In line with these recommendations, a program is currently being implemented to train, deploy, and support an enhanced cadre of Pharmacy Assistants in low-resource health centers in Malawi. This three-year initiative, currently in progress, will train and deploy facility-based pharmacy staff, provide supply chain capacity building to multiple districts in Malawi, and improve reporting of logistical data. Additionally, this program will also serve as a model for other low- and middle-income countries (LMICs) for improving care at their low-resource health centers.

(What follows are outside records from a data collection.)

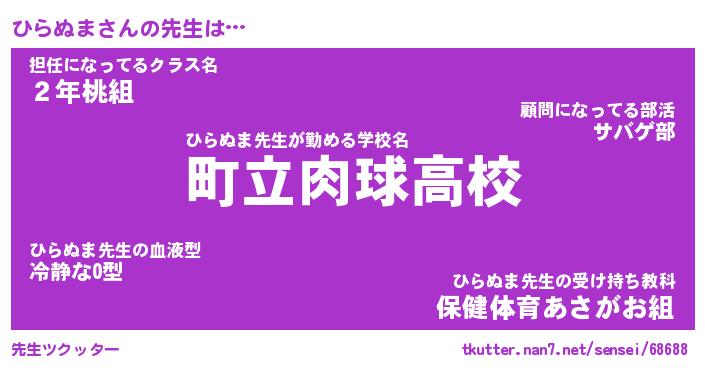 | 意味不明あだ名 | 『ペロリンひらぬま』『永久保存ひらぬま』 |
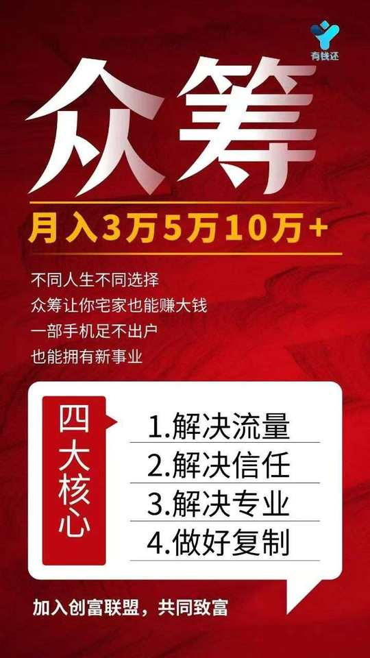 通俗的讲 :就是你有100万的资金缺口,自己解决不了,就来众筹联盟抱团取暖,大家帮你解决!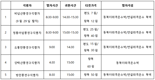일일관광 직행차 운행시간표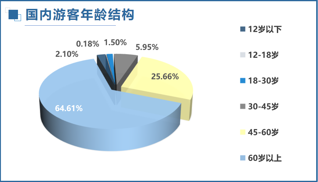 从游客年龄结构看,2024年3月, 60岁以上老年人群占总量的64.61%;45-60岁的人群占25.66%;30-45岁的人群占5.95%;18-30岁的人群占1.5%;18岁以下未成年人及儿童占2.28%。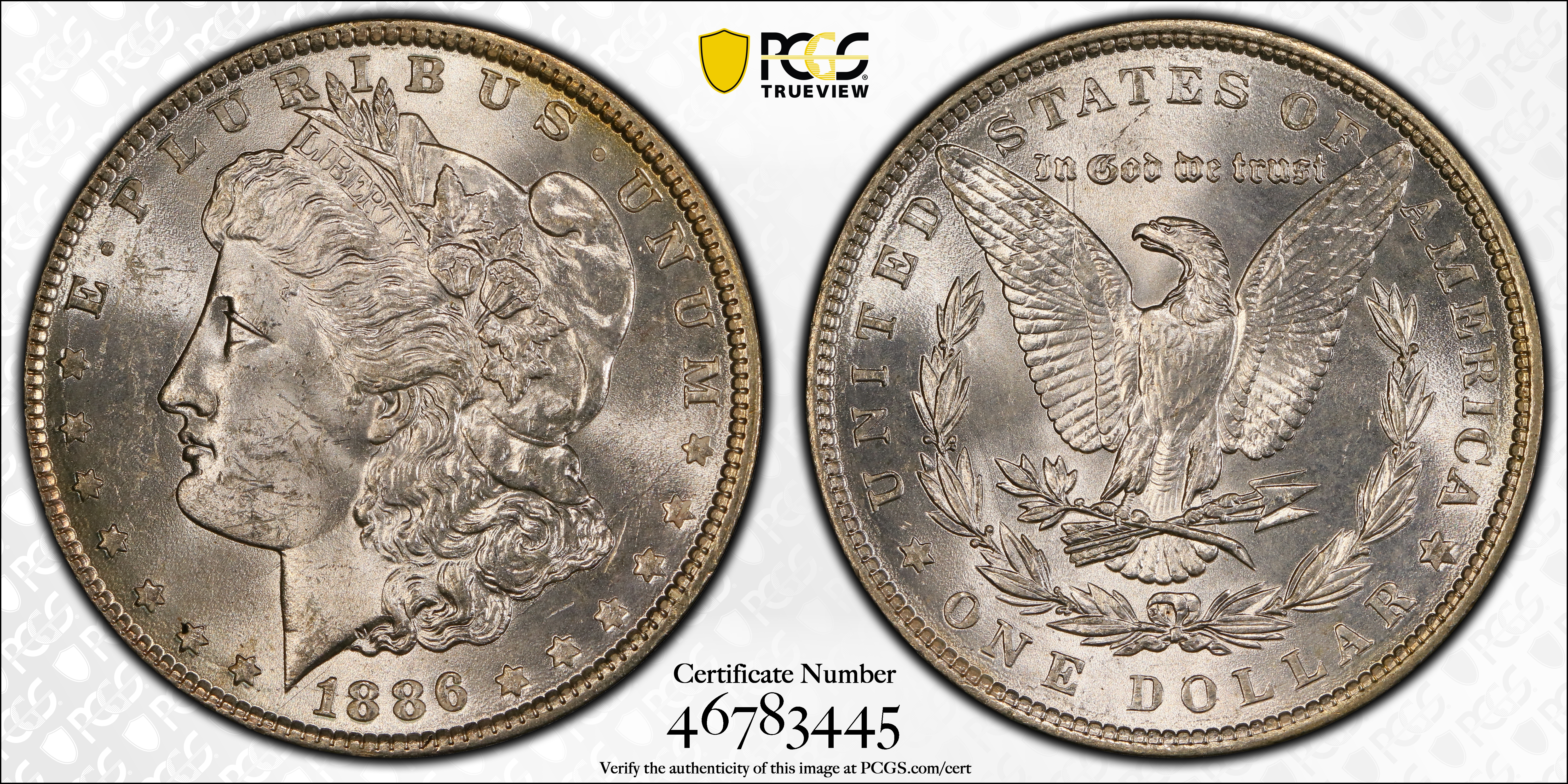 1886 $1 MS63 Certification #46783445, PCGS #7166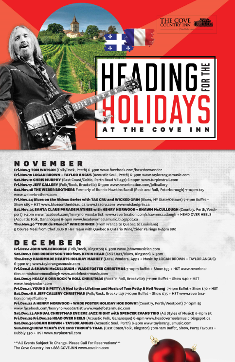 Sat.Nov.25 SANTA CLAUS PARADE MATINEE with HENRY NORWOOD + SHAWN McCULLOUGH (Country, Perth/Westport) 1-4pm www.facebook.com/henrynorwoodartist www.reverbnation.com/shawnmccullough + HEAD OVER HEELS (Acoustic Folk, Gananoque) 6-9pm www.headoverheelsmusic.blogspot.ca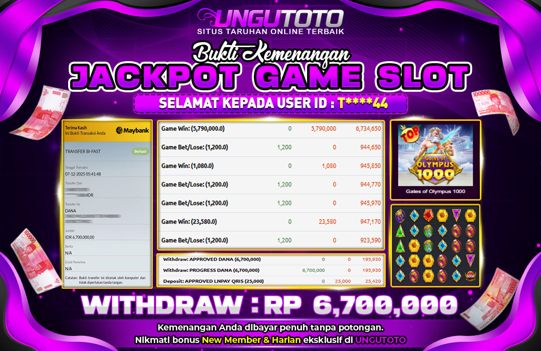 UNGUTOTO JACKPOT GATES OF OLYMPUS 1000 Rp.6.700.000 LUNAS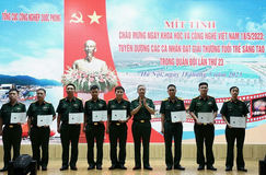 Tại buổi mít tinh, Thủ trưởng Tổng cục CNQP đã tặng hoa chúc mừng 4 viện nghiên cứu thuộc Tổng cục và 4 đồng chí được công nhận chức danh “Chuyên môn - Nghiệp vụ - Kỹ thuật” ngạch cao cấp năm 2022; trao Giấy chứng nhận chức danh “Chuyên môn - Nghiệp vụ - Kỹ thuật” năm 2022 cho 28 đồng chí được công nhận ngạch chính; trao Bằng khen và Giấy khen của Tổng cục tặng các đơn vị có thành tích xuất sắc trong công tác nghiên cứu khoa học, sáng kiến, cải tiến kỹ thuật năm 2022; tuyên dương và tặng hoa chúc mừng 2 nhóm tác giả (Viện Vũ khí và Nhà máy Z114) đạt giải Nhất; 16 tác giả, nhóm tác giả đạt giải Nhì; 15 tác giả, nhóm tác đạt giải Ba; 25 tác giả, nhóm tác giả đạt giải Khuyến khích Giải thưởng “Tuổi trẻ sáng tạo trong Quân đội” lần thứ 23.

A weakness in this study that deserves mention is our use of a health provider-filled questionnaire instead of a researcher-filled questionnaire, creating the possibility of inaccurate time reporting and inconsistencies in how times were recorded. On the other hand, there are strengths in the study that also deserve mention: (1) there was a large sample size; (2) the study was done over a period of 5 days and so we were better able to measure variations and patterns over an entire week; and (3) the questionnaire recorded initials of the health providers instead of just their titles, allowing us to pinpoint any discrepancies in time recording as well as to better understand variations between providers.

Conclusion

This study highlights challenges faced at a rural center in Malawi. Patients often travel long-distances to seek medical care when they or their child are ill and on average wait nearly 2 h for a few minutes of interaction with a healthcare provider. Over 10 % of the time, these patients leave the center without the medicines prescribed for treatment. By removing bottlenecks, health centers can reduce wait times and potentially treat more patients. Additionally, having dedicated personnel such as a trained, certified pharmacy workers can improve drug stock management and reduce stock outs.